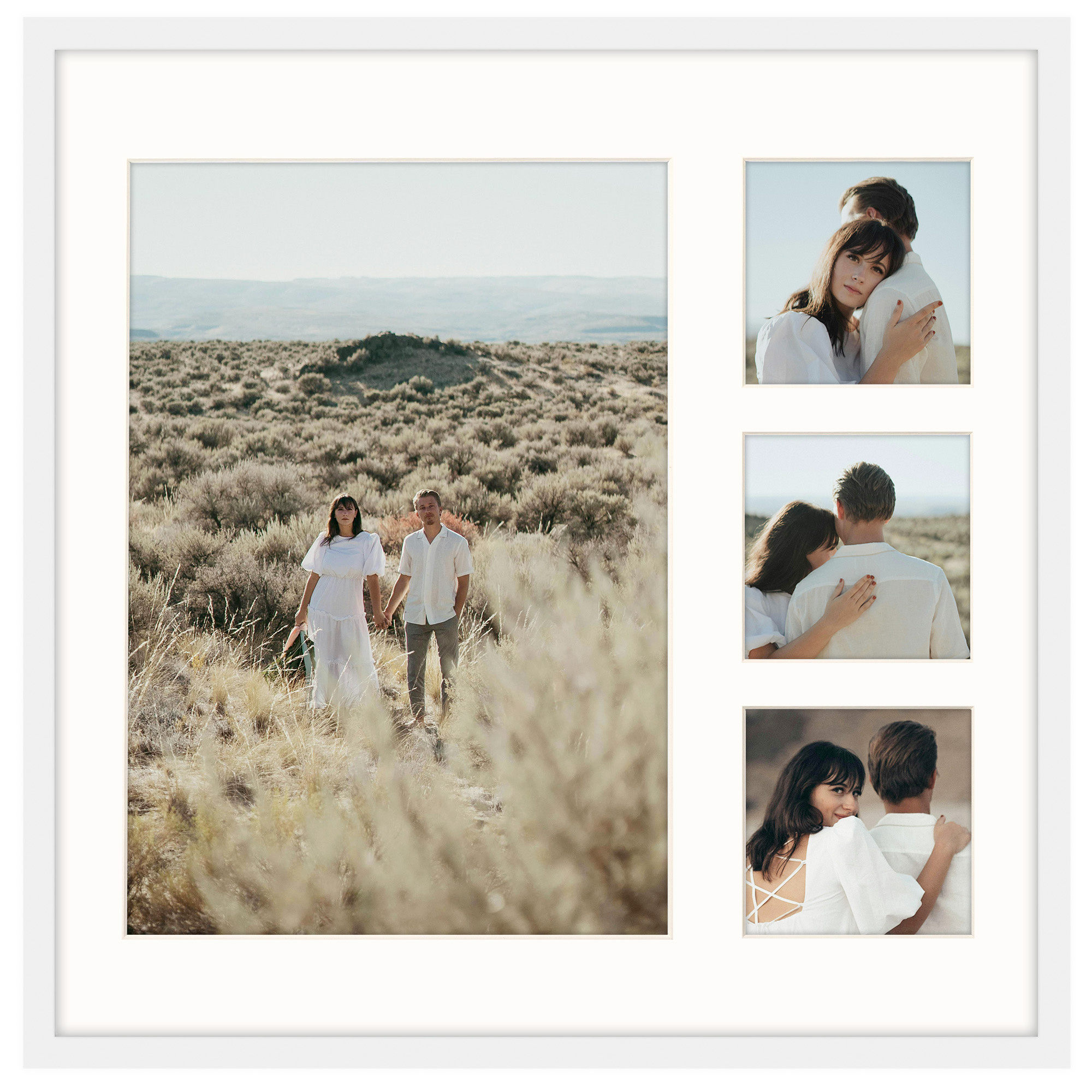 Foto Galeria na 4 zdjęcia - FG-M1 40x40 cm (wymiar ramy wewnętrzny) odpowiednia do oprawy jednego zdjęcie o formacie 21x30 cm i trzech zdjęć o formacie 9x9cm. Kolor ramki biały
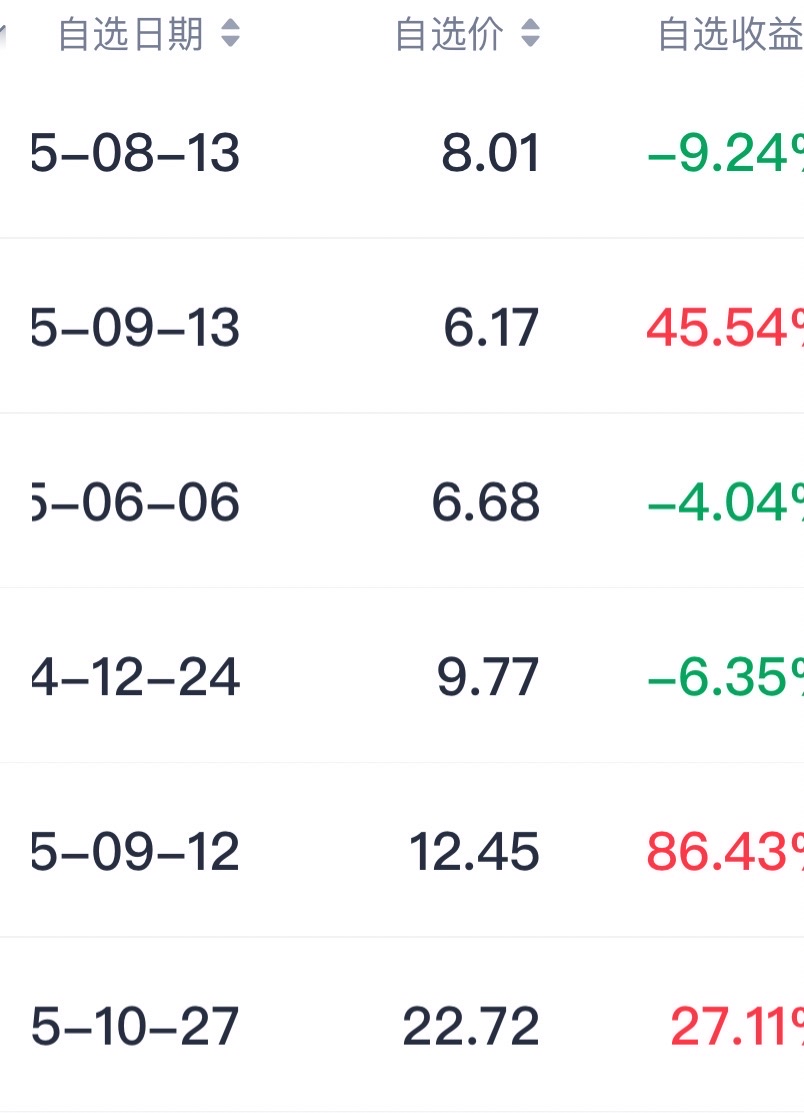 24年12月24日放到自选里,快一年了,一年你不但没涨,还跌了6.35%,你看看你旁边的几位,再看看你
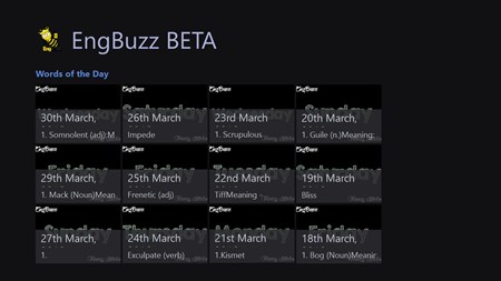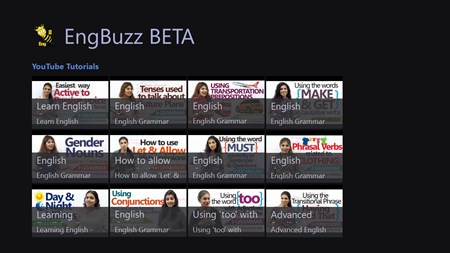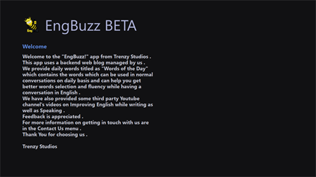 Welcome to the "Engbuzz!" app. This app uses a backend web blog managed by us . We provide daily words titled as "Words of the Day" which contains the words which can be used in normal conversations on daily basis and can help you get better words selection and fluency while having a conversation in English . We have also provided some third party Youtube channel's videos on Improving English while writing as well as Speaking . Feedback is appreciated . For more information on getting in touch with us are in the Contact Us menu . Thank You for choosing us .
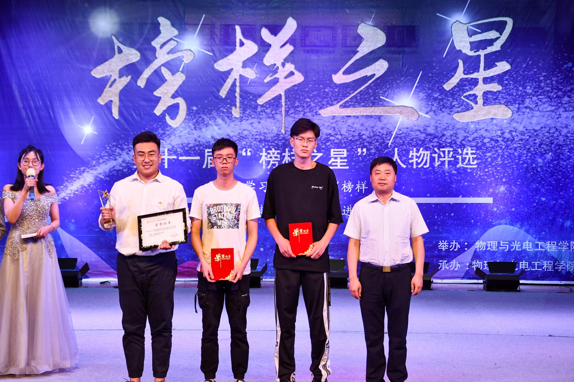(通讯员:黄尉东 洪成超 谢文茜)6月2日晚七时,物理与光电工程公司“璀璨星光,榜样力量”第十一届“榜样之星”人物评选颁奖典礼在南校区老员工活动中心成功举行。物理与光电工程公司党委书记独国社、执行经理邵晓鹏、组织员陈峰、党委副书记林波、副经理魏兵、校团委副书记于志斌等嘉宾老师莅临晚会,公司青年教师代表、全体辅导员与近300名本科生共同参加了本次活动。
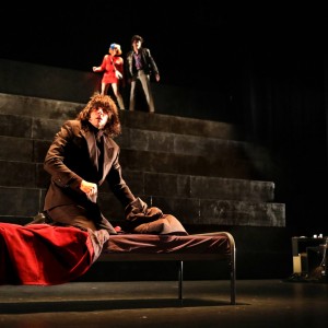 Ne parvenant pas à sortir du délire paranoïaque qu’il a lui-même provoqué et reclus au milieu de ses fantasmes, Macbeth fait appel au surnaturel et aux forces mystérieuses de l’artifice en usant du théâtre et de ses masques. C’est un enfant qui voudrait comprendre comment jouer avec le feu et il ne crée qu’un nouveau désordre. Guillaume Béguin fait de Macbeth un être perméable à ce qui l’entoure, débordé par son imagination, connecté au monde à travers une sensibilité exacerbée. Il en offre ainsi une version sans âge, une tragédie de l’être dans son rapport amoureux et sensuel à lui-même et à ce qui l’entoure, contenant sa propre destruction.
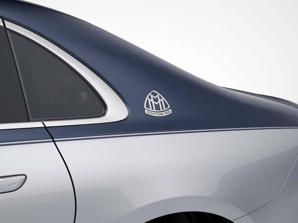 S 680 4매틱 에디션 100은 외부와 내부 모두 특별하게 꾸몄습니다. 외부는 하이테크 실버(Hightech Silver)와 노틱 블루(Nautic Blue) 색을 조합한 투톤 도색을 수작업으로 했습니다. 그리고 C필러에는 에디션 100 레터링이 포함된 마이바흐 엠블럼을 붙였고, 20인치 마이바흐 5홀 단조 알로이 휠을 달아 마무리했습니다.
* * * * * * * * *
> ASSIGNMENT
Every record above should be set down exactly, with the pictures left out.

> ANSWER BOX
 Foto Galeria na 4 zdjęcia - FG-M1 40x40 cm (wymiar ramy wewnętrzny) odpowiednia do oprawy jednego zdjęcie o formacie 21x30 cm i trzech zdjęć o formacie 9x9cm. Kolor ramki biały
 24年12月24日放到自选里,快一年了,一年你不但没涨,还跌了6.35%,你看看你旁边的几位,再看看你
 Welcome to the "Engbuzz!" app. This app uses a backend web blog managed by us . We provide daily words titled as "Words of the Day" which contains the words which can be used in normal conversations on daily basis and can help you get better words selection and fluency while having a conversation in English . We have also provided some third party Youtube channel's videos on Improving English while writing as well as Speaking . Feedback is appreciated . For more information on getting in touch with us are in the Contact Us menu . Thank You for choosing us .
(通讯员:黄尉东 洪成超 谢文茜)6月2日晚七时,物理与光电工程公司“璀璨星光,榜样力量”第十一届“榜样之星”人物评选颁奖典礼在南校区老员工活动中心成功举行。物理与光电工程公司党委书记独国社、执行经理邵晓鹏、组织员陈峰、党委副书记林波、副经理魏兵、校团委副书记于志斌等嘉宾老师莅临晚会,公司青年教师代表、全体辅导员与近300名本科生共同参加了本次活动。
 Ne parvenant pas à sortir du délire paranoïaque qu’il a lui-même provoqué et reclus au milieu de ses fantasmes, Macbeth fait appel au surnaturel et aux forces mystérieuses de l’artifice en usant du théâtre et de ses masques. C’est un enfant qui voudrait comprendre comment jouer avec le feu et il ne crée qu’un nouveau désordre. Guillaume Béguin fait de Macbeth un être perméable à ce qui l’entoure, débordé par son imagination, connecté au monde à travers une sensibilité exacerbée. Il en offre ainsi une version sans âge, une tragédie de l’être dans son rapport amoureux et sensuel à lui-même et à ce qui l’entoure, contenant sa propre destruction.
 S 680 4매틱 에디션 100은 외부와 내부 모두 특별하게 꾸몄습니다. 외부는 하이테크 실버(Hightech Silver)와 노틱 블루(Nautic Blue) 색을 조합한 투톤 도색을 수작업으로 했습니다. 그리고 C필러에는 에디션 100 레터링이 포함된 마이바흐 엠블럼을 붙였고, 20인치 마이바흐 5홀 단조 알로이 휠을 달아 마무리했습니다.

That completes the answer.